Thursday, August 25, 2016

Why I Write


November 20, 2011 changed everything for me as an educator. That was the date I uploaded my first blog post to this blog. With it, I began my writing life. 

This. 
Changed. 
Everything. 

For the fourteen years before, I was a teacher who "taught" writing, but wasn't a writer myself. I could teach how to write a narrative, write an essay, keep a journal. Yet, when my students struggled, I didn't know why. When they stared at the blank page, I grew frustrated. When they complained about writers block, I was confused. I did not live the lives they did, and I couldn't meet them where they were. 

I wasn't a writer. 

I hadn't been for years. I wrote during my school career, of course, but not for joy. I wrote in elementary school what my teachers assigned. Ditto for junior high and high school. At one point I had aspirations of writing, but getting a paper back dripping in red ink, I decided it must not be where my strength resided. 

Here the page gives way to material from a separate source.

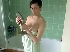Description: Towel eventually drops to expose outstanding left boob. Nip slide likewise.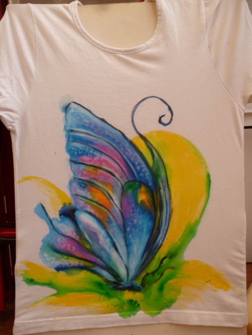 Роспись по ткани, батикБыла белая футболка, но с ребенком белое - это опасно))), я уж не помню чем обрызгал - но пятна не отстирывались, как будто чаем капнула, ну и решила рисунок нанести, процесс очень понравился, с акрилками работать одно удовольствие, моя первая графика на ткани

It was NCTE in 2011 that changed me. One night in Chicago I sat talking to Colby Sharp - someone I now consider a close friend, but a new friend at the time. I still remember him asking me what I was taking away from the conference. I paused and said that I realized I was a good reading teacher because I was a teacher who read. I could connect to my students through books. I could talk to them as reader to reader, but I couldn't do that through writing. I realized it wasn't the kids who had to change, it was me. 

That statement to Colby terrified me. I drove home from Chicago wondering if I could do it. Beginning writing on my own was scary enough, but I had also vowed to begin a blog. I knew if I didn't make my writing "public", I'd never keep it up. Also, I figured that writing about my classroom would help connect me to other teachers and through them, I could learn even more. I could never have imaged how true that would be.

Today I shared what blogging will look like in our middle school classroom with my students. I talked about why we will blog, what the purpose is for our classroom. But more than that, I talked about why I write. How it helps me to make sense of my feelings, to make sense of the world. Writing makes me whole. I am a better person because I became a writer almost five years ago. My only regret is that I waited so long. 

That's why I write.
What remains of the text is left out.